Ethical considerations
In this study, participants will be included after informed consent. Anonymity and confidentiality will be safeguarded by assigning an individual numeric code. It will also be explained the possibility of withdrawing from the study at any time, with the guarantee of the total elimination of data. All researchers involved in the study will adhere to the Rules of Ethical Conduct and Best Practices in order to comply with the precepts of the Declaration of Helsinki, the Convention on Human Rights and Biomedicine, the guidelines of the Council for International Organizations of Medical Sciences and the Guide to Good Clinical Practice.
Statistical analysis
Qualitative variables will be summarized using absolute and relative frequencies, and quantitative variables will be summarized using the mean and standard deviation or the median and interquartile range, depending on their distribution profiles. The normality of the quantitative variables will be assessed using the histogram distribution.

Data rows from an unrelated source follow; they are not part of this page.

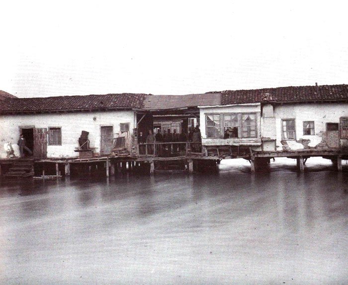 At Struga, the Drin is crossed by a long wooden bridge, beneath which the full clear stream rushes along in a well-defined bed. As we looked down into it, we could see fish of all sizes swimming about in the water; and before long we were able to pronounce on their excellence as an article of food, as we purchased for six piastres (one shilling) a fine pink salmon-trout, of four pounds and a half, off which we made a luxurious repast. The trout and salmon-trout which abound in this lake are rarely, if ever, found in the other lakes of Turkey. Struga is the head-quarters of the fishery, in consequence of the fish resorting at certain seasons to the outlet of the lake, where they are caught in immense quantities. A great part of the population of the place is occupied in catching and drying them, and they are exported to all parts of Turkey, being in great request on account of the frequent fasts of the Greek Church. The fishery is the property of the Sultan, and is sublet by him to contractors for a very large sum. The fishing takes place by night, and has been described to me as a very picturesque and exciting scene. These fisheries and the export of their produce must have existed from very early times, for Strabo mentions “the places for drying fish belonging to the lake near Lychnidus”. The embankment of the sides of the river, by which the neighbourhood was converted from a marsh into a habitable region, was the work of the Bulgarian prince Samuel, at the time when he made Ochrida the capital of his monarchy. Originally the system of desiccation must have been much more elaborate than what appears at present. Anna Comnena speaks with warm admiration of the hundred channels into which the water was drawn off, with embankments and covered watercourses communicating with one another, by means of which the river Drin at length was formed. It was from these works that the place obtained its name, for struga in Bulgarian signifies “a dike, or arm of a river.”
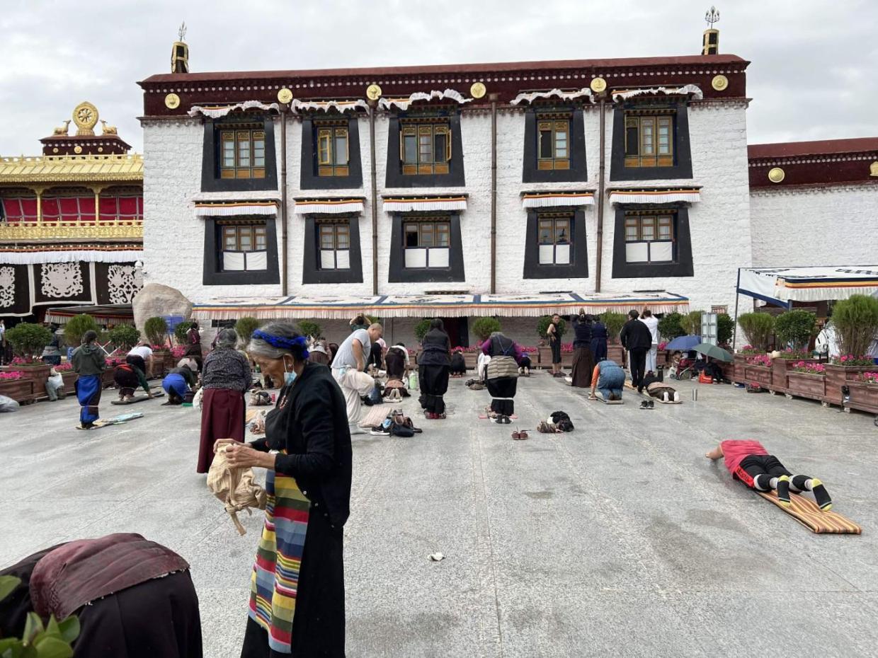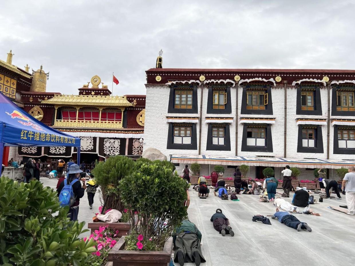 虽然寺院还没开门,但是透过栅栏,内部的小场地上信徒们的功课已经开始,虔诚的五体投地的磕长头在默默地进行中,不懂信徒的内心,即便是无神论的我们也期盼他们的愿望可以实现。
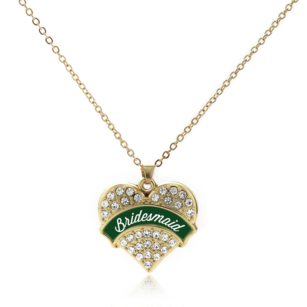 Gold Forest Green Bridesmaid Pave Heart Charm Classic Necklace
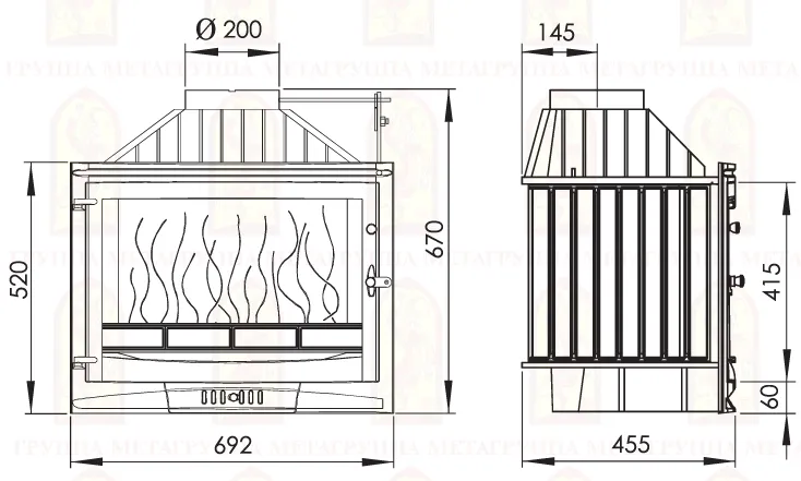 Каминная топка изготавливается из чугуна, что даёт ей прекрасные характеристики: особую стойкость к тепловым нагрузкам, долговечность в эксплуатации и очень хорошая теплоотдача
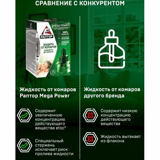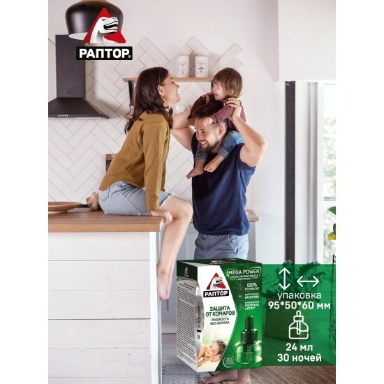 Жидкость для фумигатора Раптор от комаров повышенной эффективности Mega Power, 60 г, 24 мл, 30 ночей, зеленый
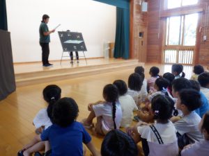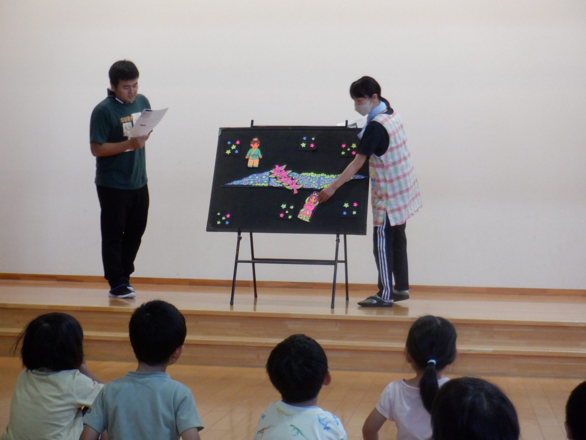 【おりひめとひこぼし】のパネルシアター。牛や星・はた織り機や神様・カササギが登場しました。

Relations between categorical variables will be assessed using a chi-square test and Fisher´s exact test. Differences between two or more groups of independent non-normally distributed quantitative variables will be evaluated using a Kruskal-Wallis test.
To explain the risk of pancreatitis, a binomial logistic regression model with multiple predictors will be performed.
The null hypothesis will be rejected when the test statistics p-values are less than <0.05. Statistical analysis, sample size calculation and graphics will be performed using Stata software (StataCorp. 2015. Stata Statistical Software: Release 14. College Station, StataCorp LP)
Expected results
The results of this study will contribute to a better understanding of what is the best algorithm to follow when performing an ERCP.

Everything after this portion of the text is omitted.